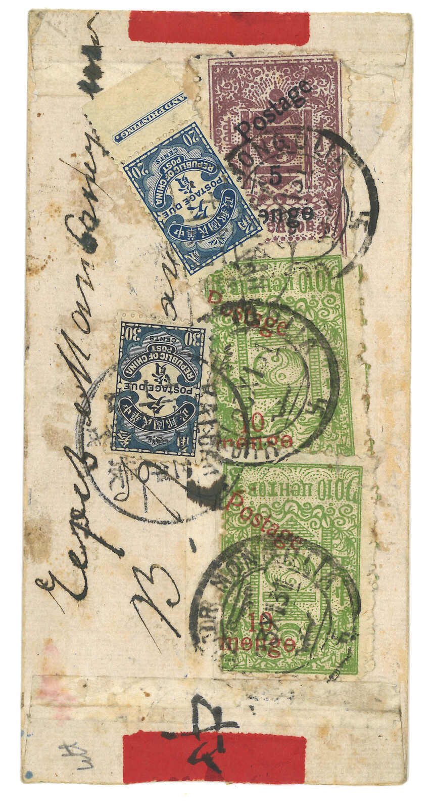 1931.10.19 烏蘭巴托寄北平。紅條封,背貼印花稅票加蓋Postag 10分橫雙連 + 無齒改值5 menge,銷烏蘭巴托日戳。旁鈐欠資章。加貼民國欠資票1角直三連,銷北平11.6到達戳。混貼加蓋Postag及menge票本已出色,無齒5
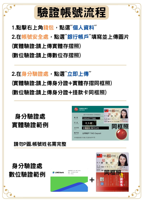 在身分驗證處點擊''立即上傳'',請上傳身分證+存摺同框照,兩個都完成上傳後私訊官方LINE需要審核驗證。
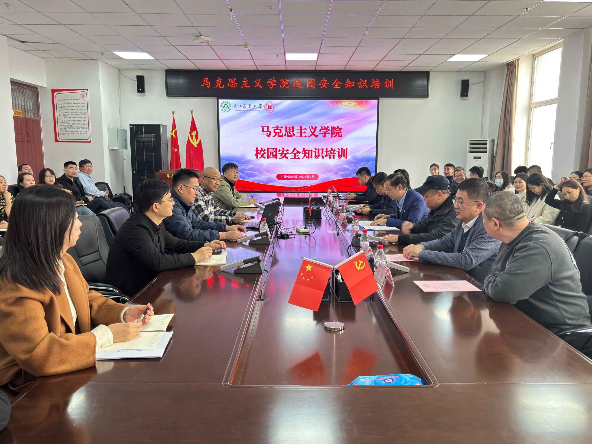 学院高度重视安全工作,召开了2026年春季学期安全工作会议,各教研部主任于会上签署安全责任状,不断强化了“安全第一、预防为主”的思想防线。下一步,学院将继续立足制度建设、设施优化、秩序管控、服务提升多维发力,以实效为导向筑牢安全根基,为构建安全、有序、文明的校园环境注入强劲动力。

* * *

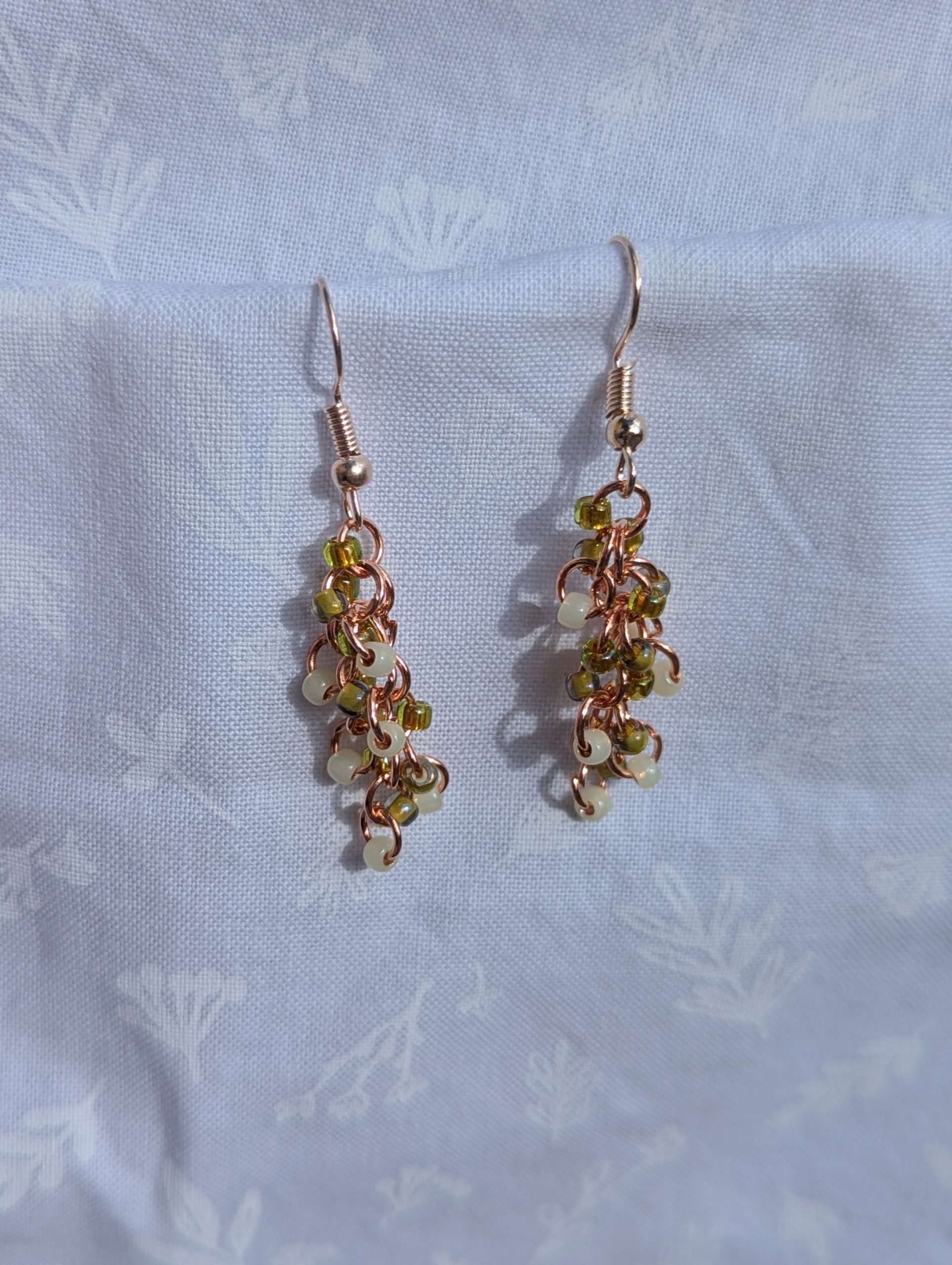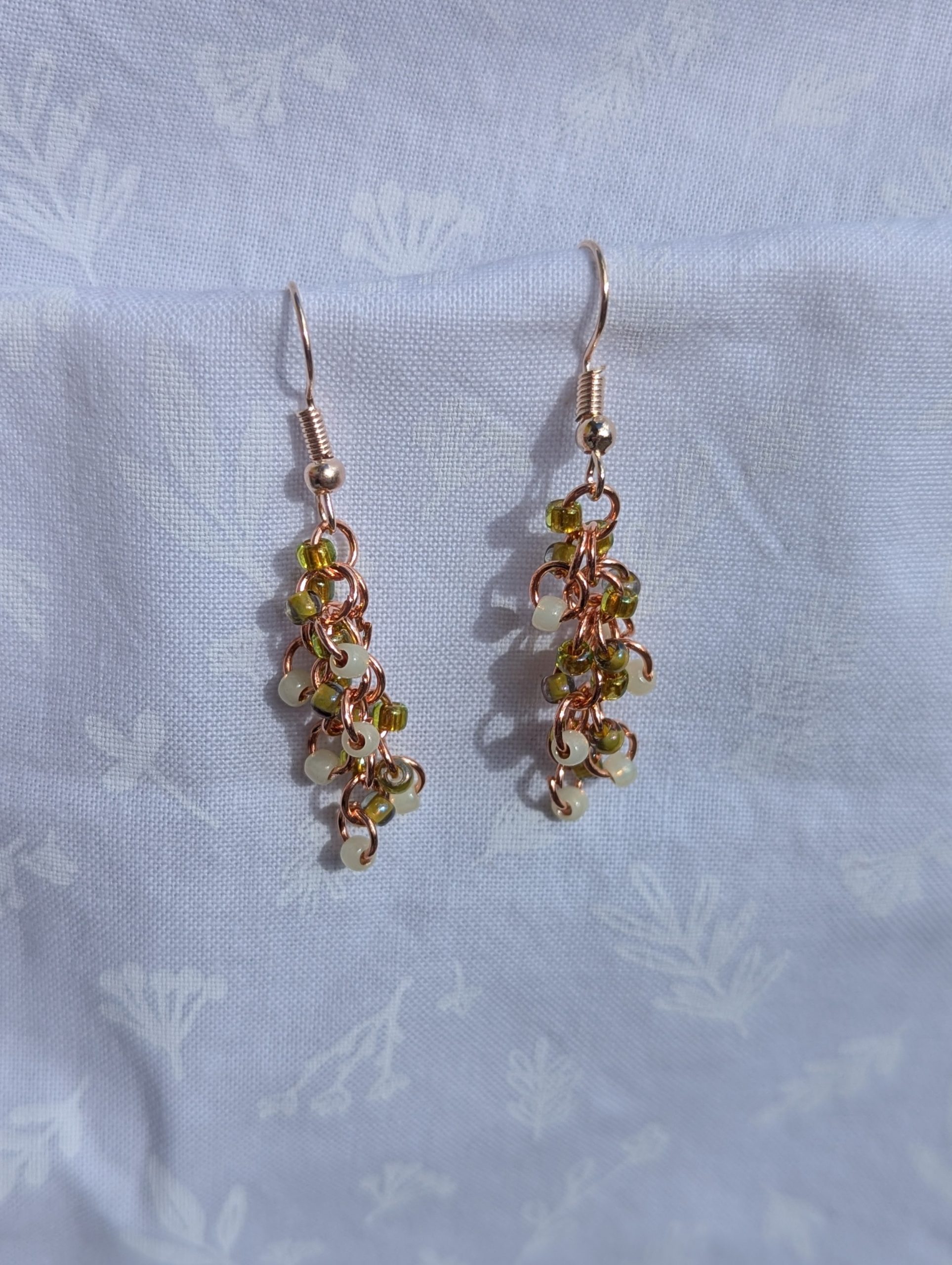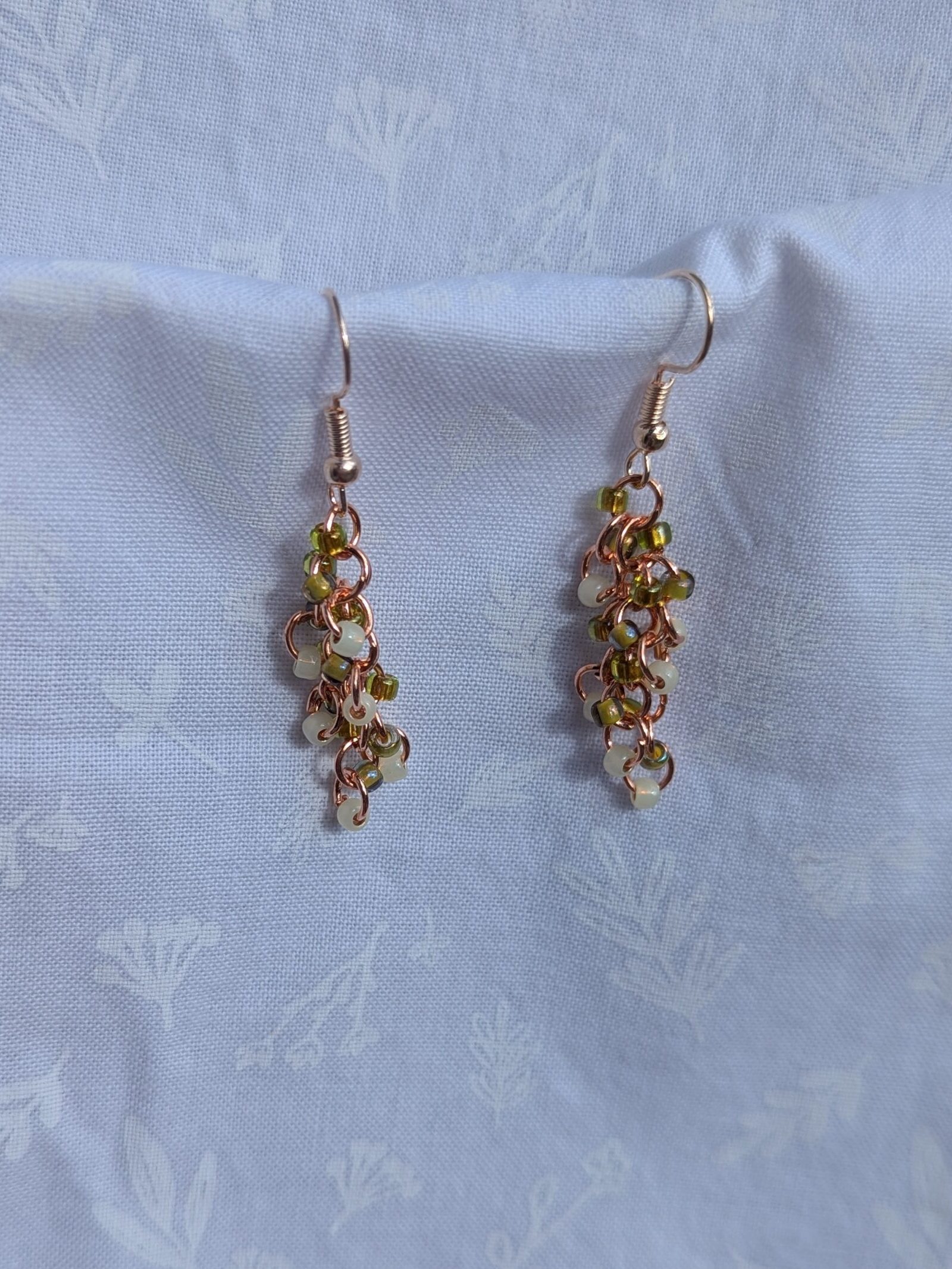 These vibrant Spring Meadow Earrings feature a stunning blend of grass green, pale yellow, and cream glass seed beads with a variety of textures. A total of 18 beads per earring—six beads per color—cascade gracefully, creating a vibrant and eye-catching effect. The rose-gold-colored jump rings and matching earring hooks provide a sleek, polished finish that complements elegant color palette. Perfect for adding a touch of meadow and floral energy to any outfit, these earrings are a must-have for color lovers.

— EXERCISE —
Reproduce exactly, with no pictures, the lines above from the one holding "1931.10.19 烏蘭巴托寄北平。紅條封,背貼印花稅票加蓋Postag 10分橫雙連" to the one holding "学院高度重视安全工作,召开了", inclusive.

— EXERCISE OUTPUT —
 1931.10.19 烏蘭巴托寄北平。紅條封,背貼印花稅票加蓋Postag 10分橫雙連 + 無齒改值5 menge,銷烏蘭巴托日戳。旁鈐欠資章。加貼民國欠資票1角直三連,銷北平11.6到達戳。混貼加蓋Postag及menge票本已出色,無齒5
 在身分驗證處點擊''立即上傳'',請上傳身分證+存摺同框照,兩個都完成上傳後私訊官方LINE需要審核驗證。
 学院高度重视安全工作,召开了2026年春季学期安全工作会议,各教研部主任于会上签署安全责任状,不断强化了“安全第一、预防为主”的思想防线。下一步,学院将继续立足制度建设、设施优化、秩序管控、服务提升多维发力,以实效为导向筑牢安全根基,为构建安全、有序、文明的校园环境注入强劲动力。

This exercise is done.